▶ _DATA_:
Content starts
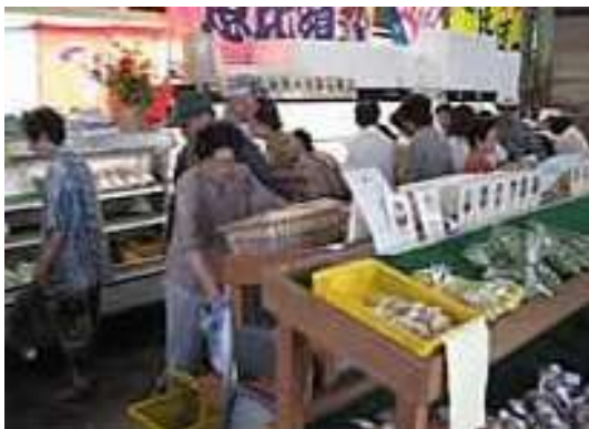
たちばな漁協の朝市
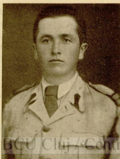
ENESCU ZICHIL BRAN-MOECIUL DE JOS
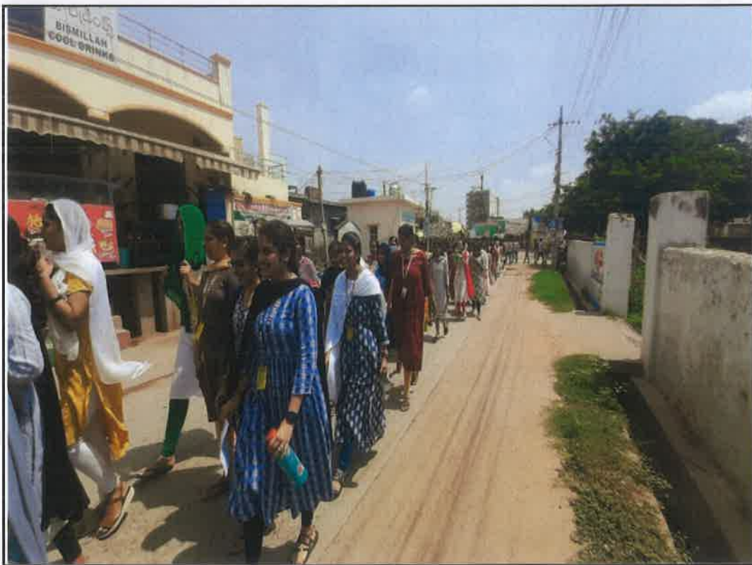
NSS Volunteers rally on Anti-Drugs at Vaddeswaram Village
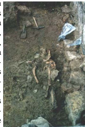
Enterramiento En laja y en fosa
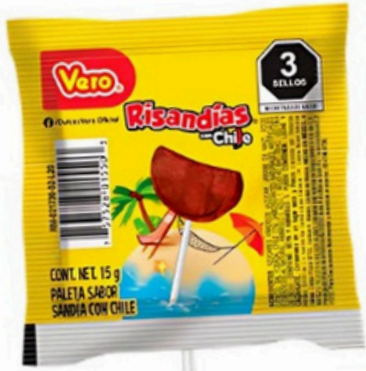
risandia vero $3.000
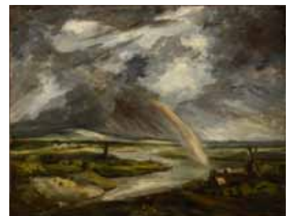
Georges Michel Paysage orageux Huile sur papier, marouflé sur toile Lyon, musée des Beaux-Arts
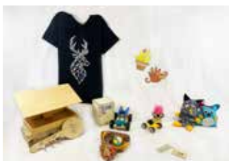
Angebote zum Basteln, Werkeln, Experimentieren am Internationalen Kindertag

Beim Kindertags-Wochenende im TJP e.V. stehen Spiel und Spaß im Vordergrund: zahlreiche Do-it-yourself-Angebote rund um Technik, Handwerk und Kreativität können ausprobiert und Hintergrundwissen zu den spielerischen Angeboten im Quizparcours erweitert werden. Kleine Forscher:innen lassen Riesenseifenblasen fliegen und lernen, wie sie mithilfe der Chemie eine kleine Schaumparty veranstalten. Sie stellen Schleim her und testen eine kuriose Flüssigkeit, die mal fest, mal flüssig ist. Der kindlichen Neugier, Dingen auf den Grund zu gehen, wird der Becher des Pythagoras gerecht. Einen Einblick in moderne Fertigungstechniken erlangen kleine und große Interessierte beim Personalisieren eines Holzanhängers mit moderner Lasergravur, durch das Kreieren eines eigenen Namens-
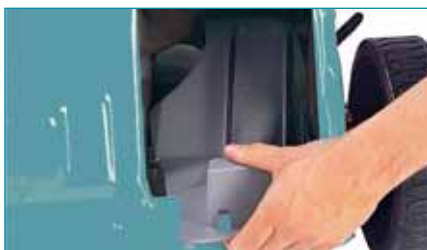
A Makita Style-lal nincsen gond - talajtakarás az elektromos modellel

felhasználót a nagy erő kifejtés terhe alól, a hátsó meghajtás pedig tovább fokozza a kényelmet.
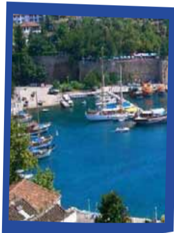
انطاليا 349 دينار
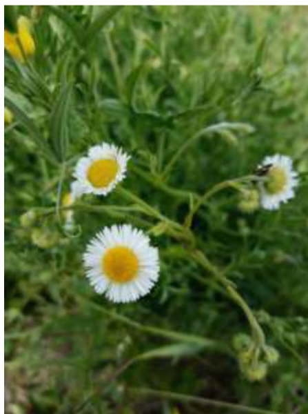
Рисунок 3. Мелколепестник щетинистый ( Erigeron strigosus Muhl. ex Willd.)

На рис. 3 фотография мелколепестника щетинистого ( Erigeron strigosus Muhl. ex Willd.) Т.А. Коптяевой, размещенная на платформе iNaturalist. Всего Т. А. Коптяевой на этой платформе размещено более тысячи наблюдений. Этот американский вид в Инсарском районе зарегистрирован впервые.
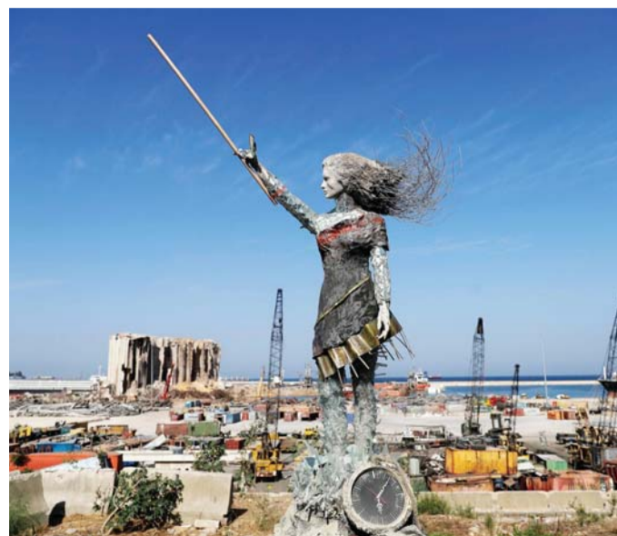
هروب من بيروت المدمرة

قبل وقوع الانفجار، كان لبنانيون كثير يقرعون ابواب الهجرة جراء الانهيار الاقتصادي المتسارع، وهربا من طبقة سياسية يتهمونها بالفساد وهدر المال العام، ويطالبون منذ 17 أكتوبر برحيلها مجتمعة. وجاء الانفجار ليفاقم غضبهم. وييدي لبنانيون يومياً على وسائل التواصل الاجتماعي وشاشات التلفزيون، رغبتهم بالهجرة والبحث عن فرص عمل في الخارج.
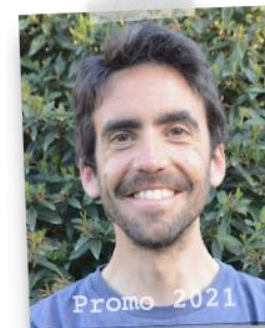
Avent Grange Avenir & Bâti

Mon objectif est d'associer la réalisation d' audits énergétiques à la mise en œuvre sur chantier d'isolants biosourcés. Je réalise ce projet avec l'entreprise Avenir & Bâti, localisée dans la combe de Savoie (St Pierre d'Albigny).
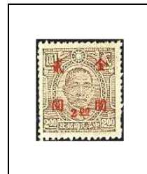
2 $ s 2 $ 680
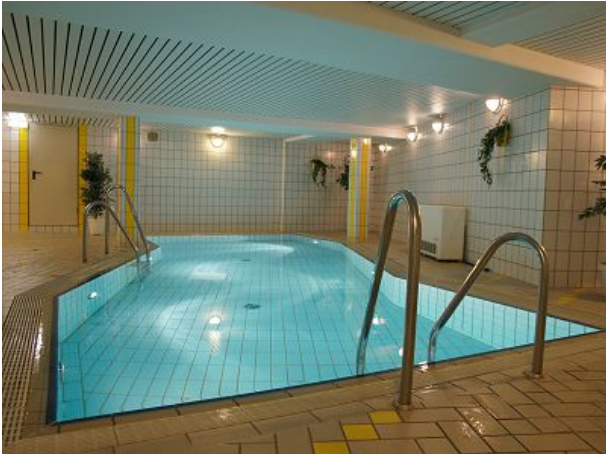
Schwimmbad mit Gegenströmungsanlage
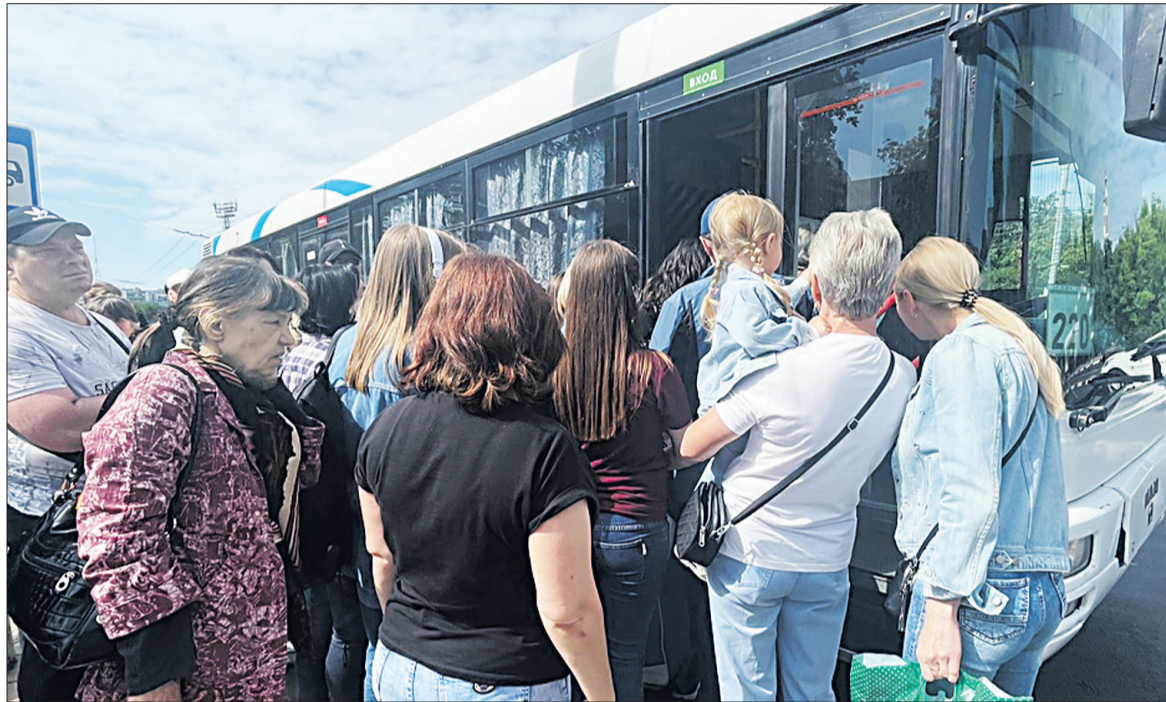
☒ Свои двери собравшейся на остановке толпе открыл только третий автобус.

Стороны обсудили актуальные вопросы безопасности персонала энергокомпании при проведении работ и защиты электросетевых объектов в условиях высокого уровня террористической опасности.
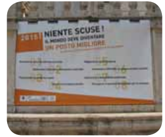
Campaña de las Ciudades del Milenio de CGLU París – Buenos Aires – Roma
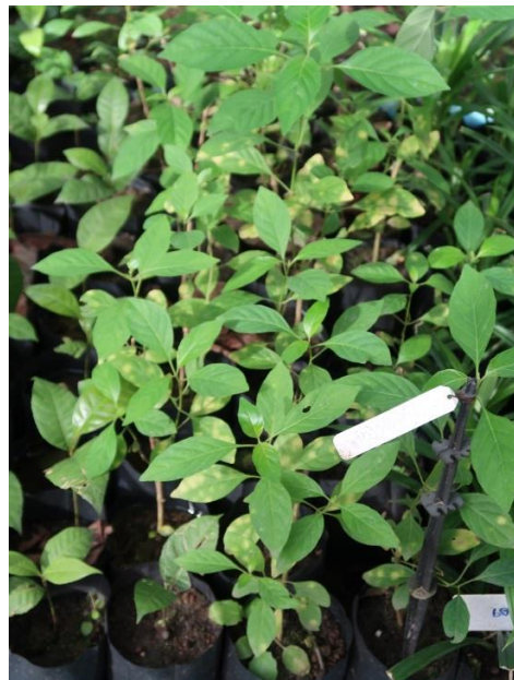
ทองพันชั่ง
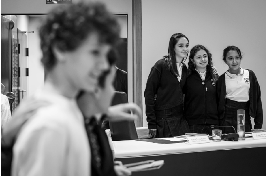
Alumnos de Year 9 en el Consell de Joves.

Los alumnos de Year 9 han representado al colegio, con mucha profesionalidad, en el Consell de Joves del Comú .
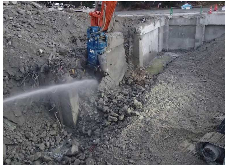
④ 工場棟 基礎解体状況
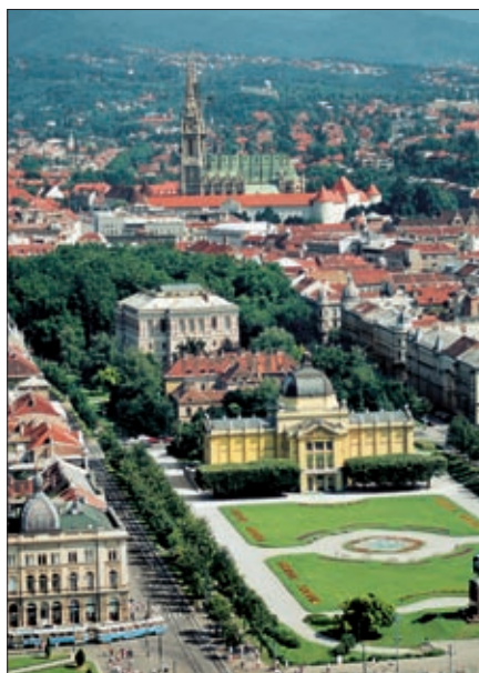
Etwa ein Fünftel aller Einwohner Kroatiens lebt in der Hauptstadt Zagreb.

Aufschwung. Schon bei den Ländern, die 2007 in die EU aufgenommen wurden, fiel der positive Effekt teilweise deutlich geringer aus. Kroatiens Beitritt fällt zudem in eine Zeit, in der die Volkswirtschaften in
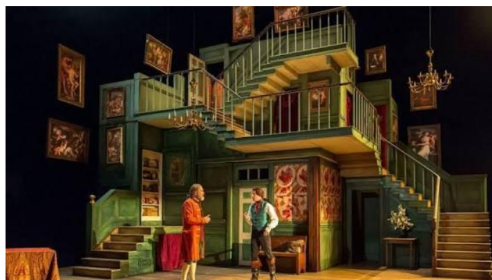
Imagen n°6: Escenografía funcional

En la imagen se observan varios elementos escenográficos que sugieren la representación de una escena teatral. Hay un decorado que simula la fachada y el interior de una casa de varios niveles, con escaleras que conectan diferentes partes de la estructura.
Content ends
▶ _PROBLEM_:
Determine which lines above include the word "Muhl", and report those lines in full.

▶ _SOLUTION FOR THIS PROBLEM_:
Рисунок 3. Мелколепестник щетинистый ( Erigeron strigosus Muhl. ex Willd.)
На рис. 3 фотография мелколепестника щетинистого ( Erigeron strigosus Muhl. ex Willd.) Т.А. Коптяевой, размещенная на платформе iNaturalist. Всего Т. А. Коптяевой на этой платформе размещено более тысячи наблюдений. Этот американский вид в Инсарском районе зарегистрирован впервые.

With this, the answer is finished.